In case it isn't obvious from the name, I'm Irish, mostly: three-quarters Irish, one-quarter German. At the risk of perpetuating stereotypes, I like to joke that I get my love of reason and ordered thinking from the German side and my sense of humor and love of arguing from the Irish side.
I grew up hearing Irish music in the house (Clancy Brothers, Irish Rovers), and not just on St. Patrick's Day. I've always been conscious of being Irish and have drawn a sense of pride from it. Ethnic identity can be a powerful good, but it can also be ugly. Keeping the former without the latter can be tricky.
When I teach the subject of nationalism in Western Civ, I have the students read a piece from 1789 by Richard Price.
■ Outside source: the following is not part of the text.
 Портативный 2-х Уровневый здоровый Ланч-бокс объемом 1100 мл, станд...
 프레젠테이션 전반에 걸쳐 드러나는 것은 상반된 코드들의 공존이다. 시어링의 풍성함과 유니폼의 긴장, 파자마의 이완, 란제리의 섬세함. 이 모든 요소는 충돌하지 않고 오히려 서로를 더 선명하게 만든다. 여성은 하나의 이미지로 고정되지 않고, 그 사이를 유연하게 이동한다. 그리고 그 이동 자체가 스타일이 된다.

As an Enlightenment thinker, Price warns that love of country "which is our duty, does not imply any conviction of the superior value of it to other countries." Every celebration of one's nationality or heritage threatens to bleed over into "love of domination; a desire of conquest, and a thirst for grandeur and glory."
So how do we keep ethnic pride from becoming something ugly? Guisseppe Mazzini, the 19th century Italian nationalist, said we do it by always remembering that in "labouring for our own country on the right principle, we labour for Humanity." Have pride in your own, but always remember that you and your people are part of all Humanity, no better, no worse.
Looking back, I can now realize when I was taught that lesson. I grew up in the 1960s and 1970s, when the civil rights revolution was taking place. I was a child and had a limited sense of the events going on around me, but at some point something must have registered with me. I don't remember exactly when, but I must have asked my Dad about it. His exact words are lost, but the sentiment stuck with me.
He reminded me that we were Irish, and that when the Irish first came to the United States, they sometimes suffered discrimination. (Family legend has it that the name was originally "O'Byrne" and the "O" was dropped and the "S" added to make it sound less Irish.) If it was wrong to do that to them then, he told me, it was wrong to do it to black Americans now too.
As I learned more about the history, I realized that the two situations were not exactly comparable, but the simple lesson held true: if it is wrong when it is done to one of your own, it is wrong when it is done to anyone. Simple enough for a child to understand, easily forgotten by too many adults.
This is the right way to use ethnic pride--not to exalt some over others, but to reinforce our common humanity; to unite, not divide; to foster empathy, not hatred.
So St. Patrick's Day is not a day for me to lord my Irish heritage over all of you unfortunate enough to not share it (as tempting as that is), but to celebrate the Irish in everyone.